Reductio ad absurdum
In logic, reductio ad absurdum (Latin for 'reduction to absurdity'), also known as argumentum ad absurdum, (Latin for 'argument to absurdity') apagogical argument, or proof by contradiction is the form of argument that attempts to establish a claim by showing that following the logic of a contrary proposition or argument would lead to absurdity or contradiction. Although it is quite freely used in mathematical proofs
Metadata
- Slug: 00642-reductio-ad-absurdum
- Type: THOUGHT_EXPERIMENT
- Tags: logic
- Sources: 1
Axioms
- Assume the rules of the domain apply uniformly.
- Assume the observer’s criteria remain fixed.
- Assume classification boundaries stay consistent.
- Assume the model describes the real case.
- Assume repeated steps do not change the outcome.

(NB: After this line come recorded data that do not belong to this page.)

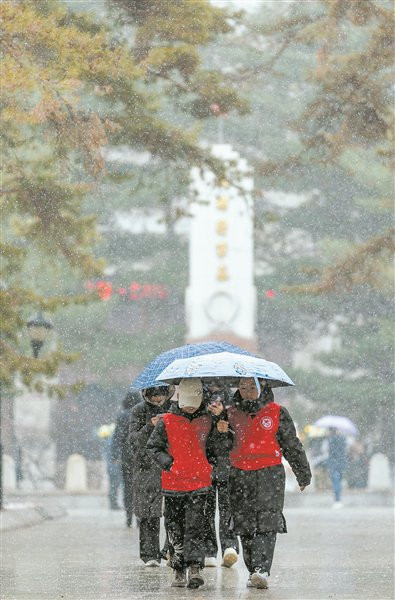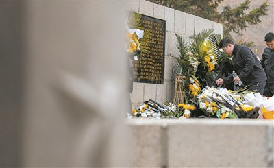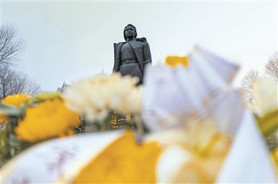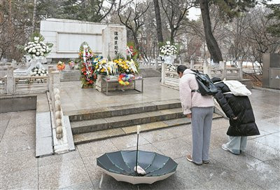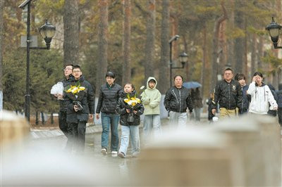 清朗节春雪纷飞,义士陵寝的甬谈上,前来献花祭扫的市民滚滚不竭。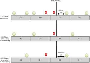 - Godier A, Dincq AS, Martin AC, et al. Predictors of pre-procedural concentrations of direct oral anticoagulants: a prospective multicenter study. Eur Heart J 2017;38:2431-9. [Crossref] [PubMed]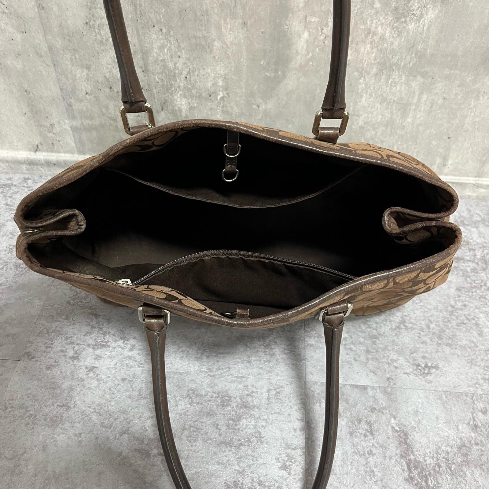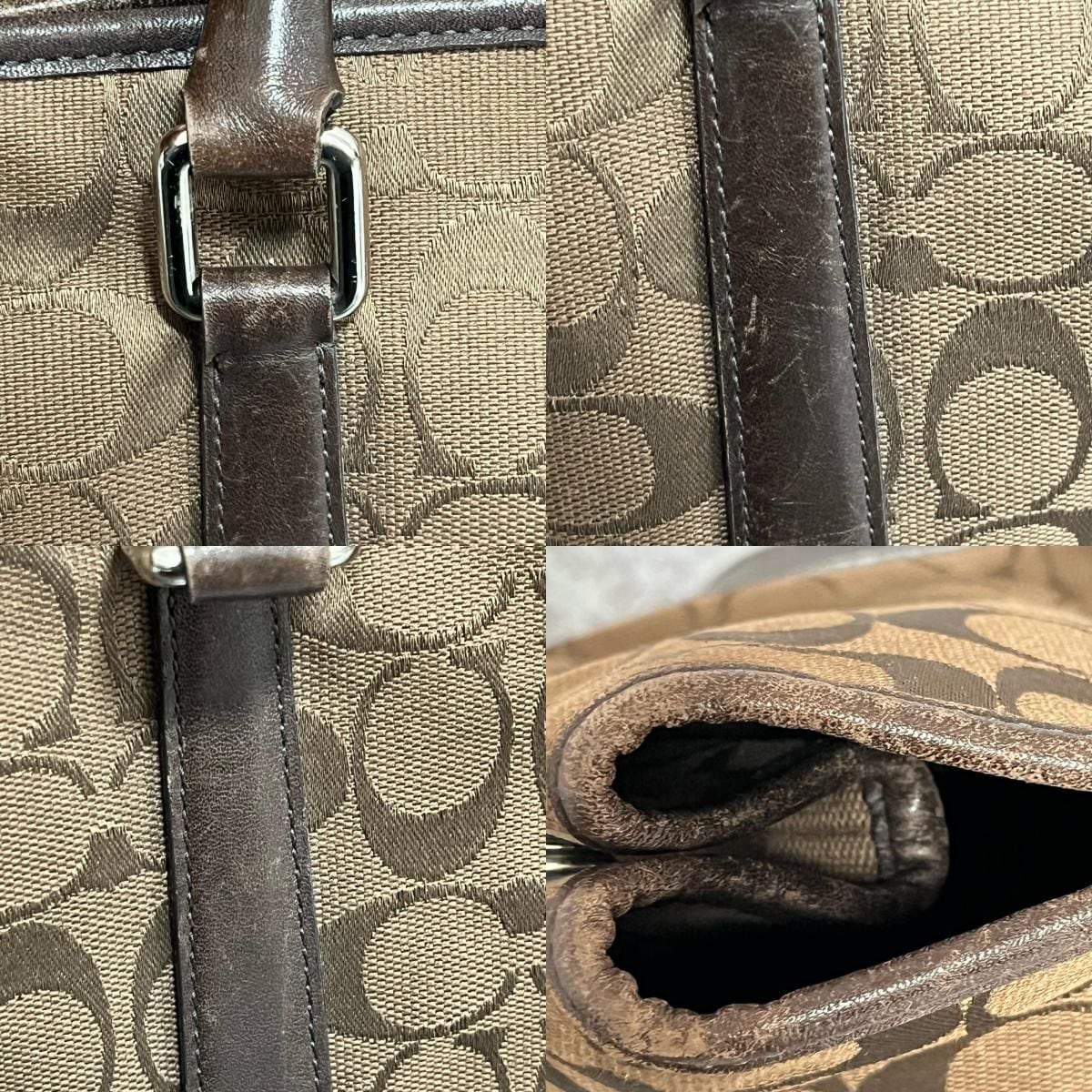 【COACH】コーチ シグネチャー柄ハンドバッグ シグネチャーモチーフ キャンバス レザー レディース ブラウン 茶色 ハンドバッグ ロゴチャーム付き 型番E1J6086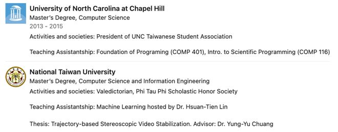 Tony Liu曾获得大学计算机科学与信息工程硕士学位,以及北卡罗来纳大学教堂山分校计算机科学硕士学位。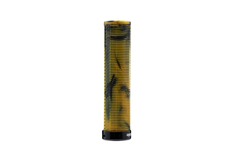 A straight profile, a lock-on grip that combines a ribbed, mushroom pattern on the palm side for comfort, and a hex-pattern on the underside for grip.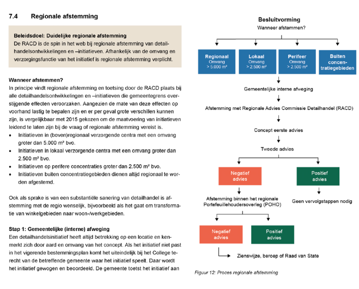 indien een initiatief of ontwikkeling niet kan worden gecategoriseerd onder a) tot en met c) maar er wel bovenlokale effecten te verwachten zijn en/of afgeweken wordt van de Regionale detailhandelsvisie Stedelijk Gebied Eindhoven 2023, dient deze ook ter advisering te worden voorgelegd aan de RACD. Dit gezien het belang dat de regio hecht aan een evenwichtige ontwikkeling van de regionale detailhandelsstructuur en een zorgvuldige afweging.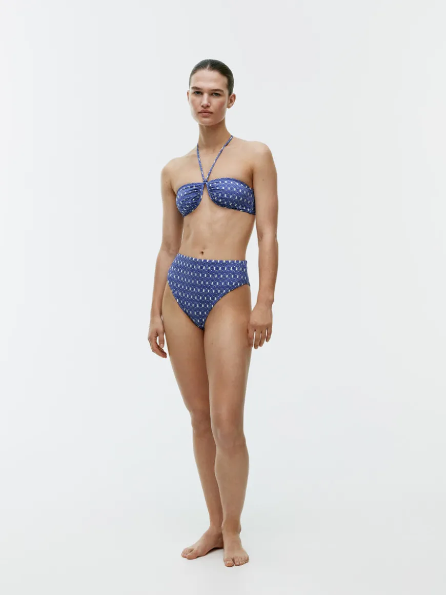 Bandeau bikini top with removable halterneck straps. A wired style with gathers at cups and removable pads. Fully lined. Mid support.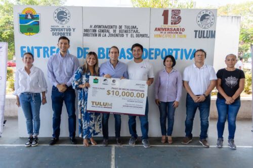 Diego Castañón entrega becas deportivas municipales a Tulumnenses.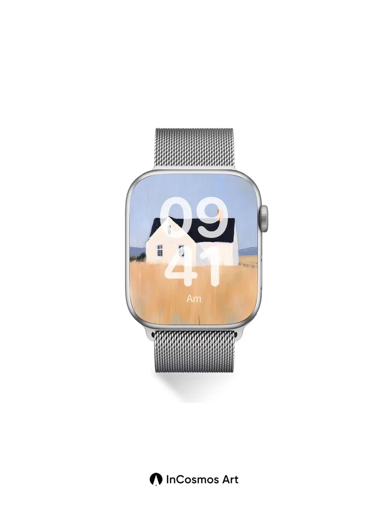 Serene Field House Wallpaper with Golden Grass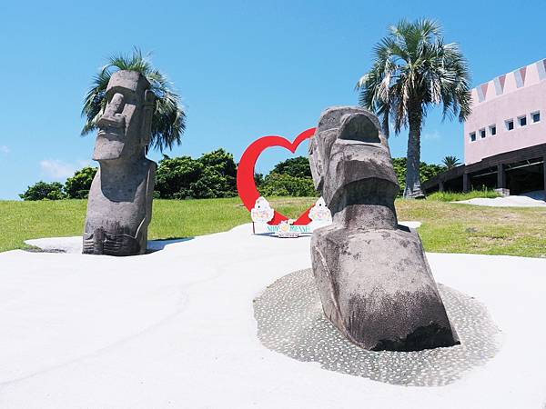 「戀人之丘」設有兩尊《最愛》摩艾,搭配後方紅心,是戀人們最熱愛的合影景點。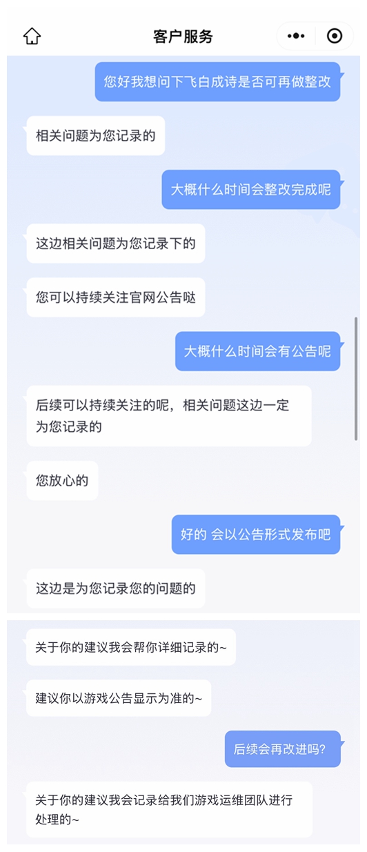 12月30日,记者向《燕云十六声》客服咨询该情况,对方询问了记者在游戏内的ID角色编码并表示会详细记录问题。针对何时会对“飞白成诗”进行整改这一问题,客服回应道:相关建议会记录给游戏运维团队进行处理,后续可持续关注官网公告。
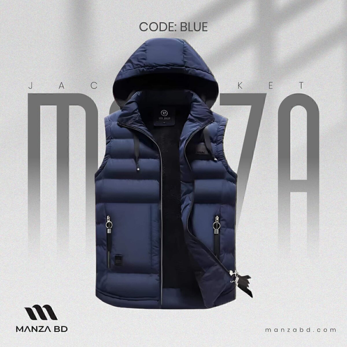 Blue Streetwear Vest for Men – Hooded, Warm Cotton-Polyester Padded Jacket

- Assume no hidden variables are introduced midstream.
Contradictions
- Two reasonable lines of inference yield opposite conclusions
- A global rule conflicts with a local judgment
- A stable resolution appears to violate a starting premise
- Changing the framing reverses the outcome
- Intuition and formalism diverge at the same step
Prompts
- Which assumption is doing the most hidden work?
- What changes if you relax the smallest constraint?
- Does the paradox dissolve or relocate when reframed?
- What is conserved, and what is sacrificed?
Notes
Sources
Overview
In logic, reductio ad absurdum (Latin for “reduction to absurdity”), also known as argumentum ad absurdum, (Latin for “argument to absurdity”) apagogical argument, or proof by contradiction is the form of argument that attempts to establish a claim by showing that following the logic of a contrary proposition or argument would lead to absurdity or contradiction. Although it is quite freely used in mathematical proofs
Tension
- Two reasonable lines of inference yield opposite conclusions.
- A global rule conflicts with a local judgment.
- A stable resolution appears to violate a starting premise.
- Changing the framing reverses the outcome.
- Intuition and formalism diverge at the same step.
Why It Matters
This entry tests how a stable rule-set can yield unstable conclusions under certain assumptions.
Prompts
- Which assumption is doing the most hidden work?
- What changes if you relax the smallest constraint?
- Does the paradox dissolve or relocate when reframed?
- What is conserved, and what is sacrificed?